A pair of British amateur archaeologists believe they have found the hidden source of a Roman aqueduct 1,900 years after it was inaugurated by the Emperor Trajan. The underground spring lies behind a concealed door beneath an abandoned 13th century church on the shores of Lake Bracciano, 35 miles north of Rome.
Exploration of the site has shown that water percolating through volcanic bedrock was collected in underground grottoes and chambers and fed into a subterranean aqueduct, the Aqua Traiana, which took it all the way to the imperial capital.
Centuries later, it provided water for the very first Vatican, after Rome began to convert to Christianity under the Emperor Constantine.
The underground complex, which is entangled with the roots of huge fig trees, was discovered by father and son documentary makers Edward and Michael O’Neill, who stumbled on it while researching the history of Rome’s ancient aqueducts.
They recruited a leading authority on Roman hydro-engineering, Prof Lorenzo Quilici from Bologna University, who confirmed that the structure was Roman, rather than medieval as had long been believed. Using long iron ladders to descend into the bowels of the sophisticated system, they found that the bricks comprising the aqueduct’s walls are laid in a diamond shape known as “opus reticulatum” – a distinctive Roman style of engineering.
Ancient Roman Aqueducts
An aqueduct is a water supply or navigable channel constructed to convey water. The Romans constructed aqueducts to bring a constant flow of water from distant sources into cities and towns, supplying public baths, latrines, fountains and private households. Aqueducts moved water through gravity alone, along a slight downward gradient within conduits of stone, brick or concrete. Most were buried beneath the ground, and followed its contours; obstructing peaks were circumvented or less often, tunneled through. Where valleys or lowlands intervened, the conduit was carried on bridgework, or its contents fed into high-pressure lead, ceramic or stone pipes and siphoned across. Most aqueduct systems included sedimentation tanks, sluices and distribution tanks to regulate the supply at need. (Source: http://www.crystalinks.com/romeaqueducts.html)
The underground labyrinth of galleries has remained almost unknown to archaeologists because for hundreds of years it was full of water. It was only when modern bore pumps started directing the supply to the nearby town of Bracciano that the water level dropped dramatically and the subterranean complex became accessible.
The vaulted ceiling was decorated with a rare type of paint known as Egyptian Blue, which led the O’Neills to speculate that the grotto was a Roman nymphaeum – a sacred place believed to be inhabited by water gods.
“The paint was very expensive to make, but it was painted all over the walls, which suggests an imperial link,” said Mr O’Neill.
It may even have been inaugurated by Trajan himself in AD 109. Historical records show that the emperor may have been in the area on June 24 of that year.
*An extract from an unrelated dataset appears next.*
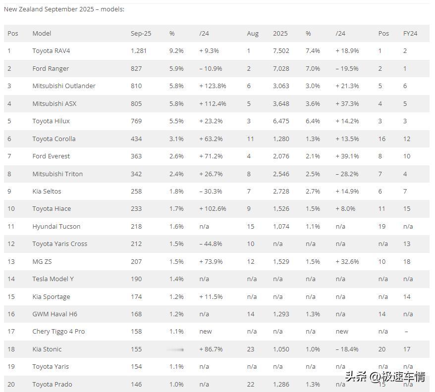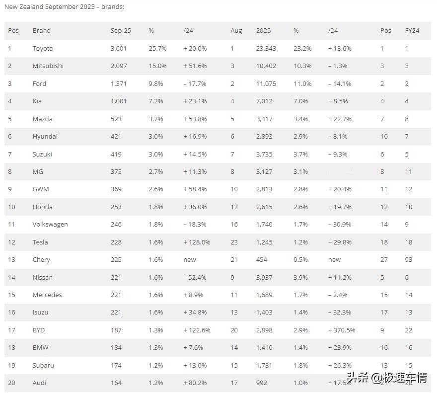 9月,新西兰车市延续高增长。名爵、长城、奇瑞、比亚迪等中国品牌的高增长与排名跃升,反映出中国汽车在新西兰市场的竞争力持续提升。中国汽车未来可期。 2025年9月,新西兰新车销量同比激增19.1%,至13,981辆。 2025年1-9月,新西兰累计销量同比增长7.4%,至100,795辆。 中国品牌表现: 名爵:375辆,第八名,市占率2.7%。 长城:369辆,第九名,市占率2.6%。 奇瑞:225辆,市占率1.6%。奇瑞集团销量369辆。 比亚迪:187辆,市占率1.3%。 上汽LDV:141辆,市占率1%。 奇瑞Jaecoo:74辆,市占率0.5%。 奇瑞Omoda:70辆,市占率0.5%。 零跑:37辆,市占率0.3%。 吉利:28辆,市占率0.2%。

By coincidence, the O’Neills first explored the aqueduct on June 24 2009 – exactly 1,900 years later.
A coin minted during Trajan’s reign commemorates the opening of the aqueduct, the documentary makers believe.
Image Courtesy: http://aqueducthunter.com/trajan2.html
It depicts a river god holding an urn and a reed – traditionally symbols of a spring – and reclining in what looks like a cave, over what may be the representation of a tunnel.